▸ Task prompt: Your copy runs from the line containing "答:目前我遇到的主要是三类道" through the last line of the listing, both included. Restate those lines word for word and leave out pictures.

◆ ◆ ◆ ◆ ◆ ◆ ◆

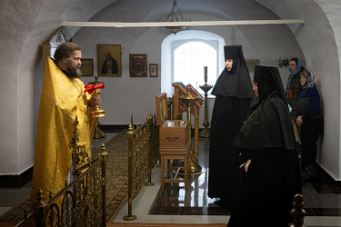 По окончании Литургии игумен Дионисий огласил поздравительный адрес Его Святейшества о награждении орденом святой преподобномученицы великой княгини Елисаветы Феодоровны III по случаю юбилея матушки игумении Антонии.
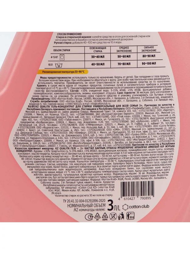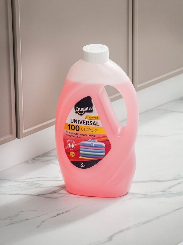 Гель для стирки Qualita 3 л — экономия до 60% на каждой стирке: универсальный состав без фосфатов для ярких и чистых вещей даже в холодной воде.
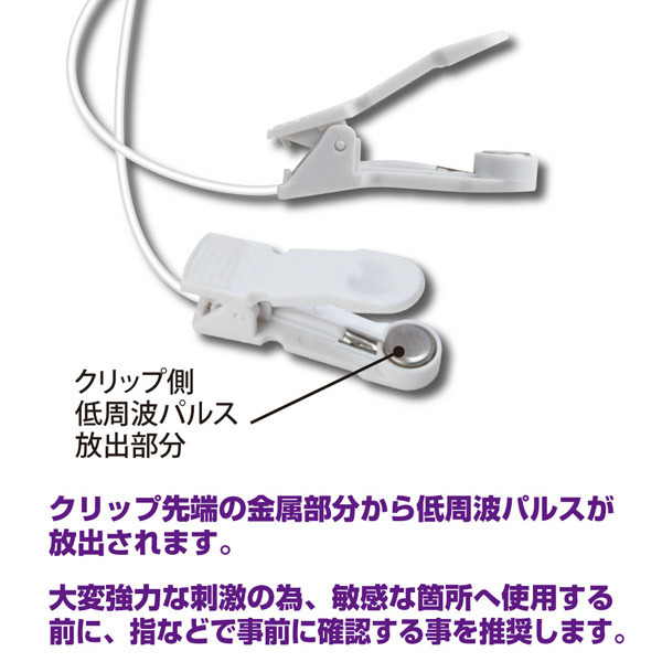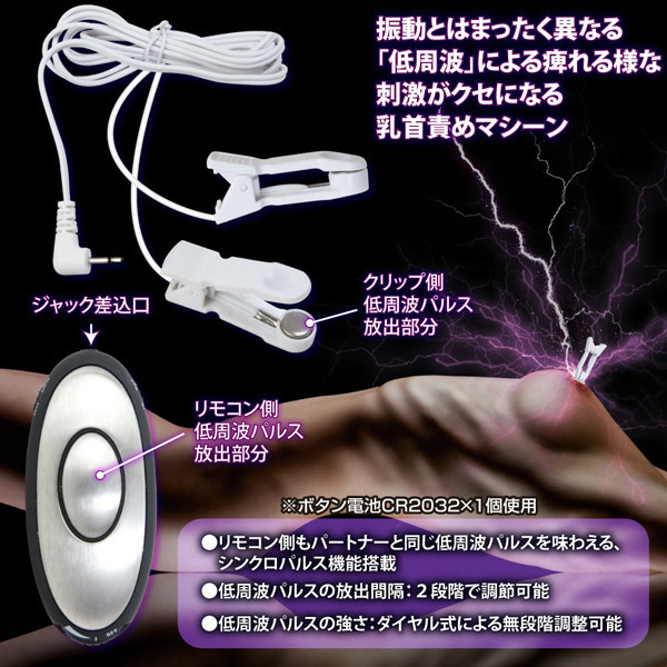 ただの振動では物足りない方へ!クリップ刺激と脈打つパルス刺激でダブル責め出来る乳首ローター。●超刺激的な低周波パルスローター●乳首責め用の「サンダーパルス1」●ジャック式ニップルピンチ2個付●ダイヤル式で簡単にコントロール●低周波パルスの強弱は無段階調整●放出速度間隔は2段階の切り替え可●リモコン側にもパルス機能を搭載。オナニーやSMプレイにも最適♪ビクンビクンと脈打つ低周波パルスの強烈刺激を味わえるエレクトログッズ「サンダーパルス1・ニップルピンチ」。リモコン側にもパルスが発生するシンクロパルス機能を搭載し、パートナーと快感を共有することも可能!乳首をいじめ抜く癖になるような強い快感刺激は、チクニー上級者の方にもお勧めです。※非常に強力な刺激の為、ご使用の際はOFFの状態から徐々に強めて調節してください。
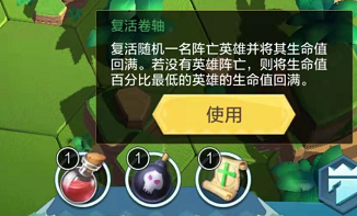答:目前我遇到的主要是三类道具,生命药水(回血30%)、魔法炸弹(炸掉拦路怪物)、复活卷轴(复活一名阵亡英雄)。可能后续会有更多道具,目前我遇到的就只有这三个,最好用的是魔法炸弹,一弹必杀!
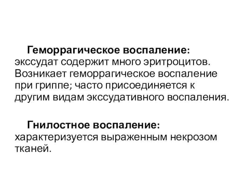 Слайд 24 Геморрагическое воспаление: экссудат содержит много эритроцитов. Возникает геморрагическое воспаление при
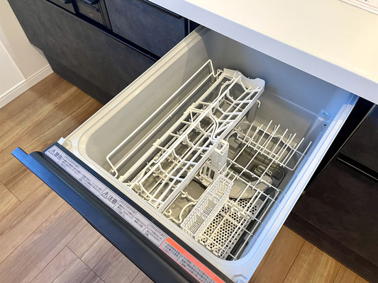 ビルトイン食洗機も完備しているので、後片付けもラクラク。作業スペースもたっぷり確保されていて、ゆったり料理に取り組めるのも嬉しいポイント。さらに、引き出し収納がたっぷり備え付けられていて、調理道具やストック品もすっきり整理できます。
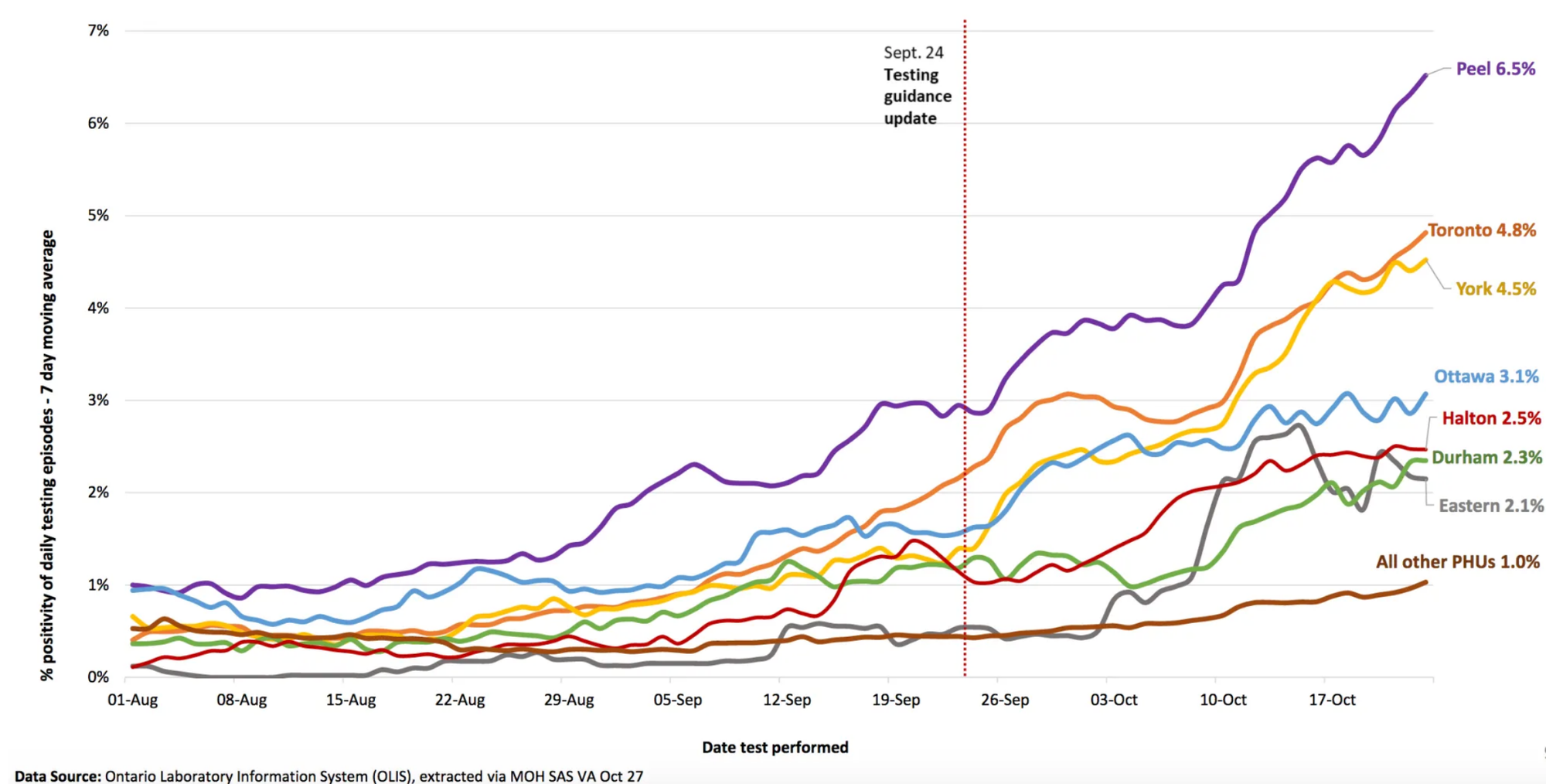 While hotspot areas like Peel and Toronto have positivity rates of 6.5 and 4.8 per cent respectively, most of the health units across the province – including Wellington-Dufferin-Guelph – have rates around one per cent.

◆ ◆ ◆ ◆ ◆ ◆ ◆

▸ Finished task:
答:目前我遇到的主要是三类道具,生命药水(回血30%)、魔法炸弹(炸掉拦路怪物)、复活卷轴(复活一名阵亡英雄)。可能后续会有更多道具,目前我遇到的就只有这三个,最好用的是魔法炸弹,一弹必杀!
 Слайд 24 Геморрагическое воспаление: экссудат содержит много эритроцитов. Возникает геморрагическое воспаление при
 ビルトイン食洗機も完備しているので、後片付けもラクラク。作業スペースもたっぷり確保されていて、ゆったり料理に取り組めるのも嬉しいポイント。さらに、引き出し収納がたっぷり備え付けられていて、調理道具やストック品もすっきり整理できます。
 While hotspot areas like Peel and Toronto have positivity rates of 6.5 and 4.8 per cent respectively, most of the health units across the province – including Wellington-Dufferin-Guelph – have rates around one per cent.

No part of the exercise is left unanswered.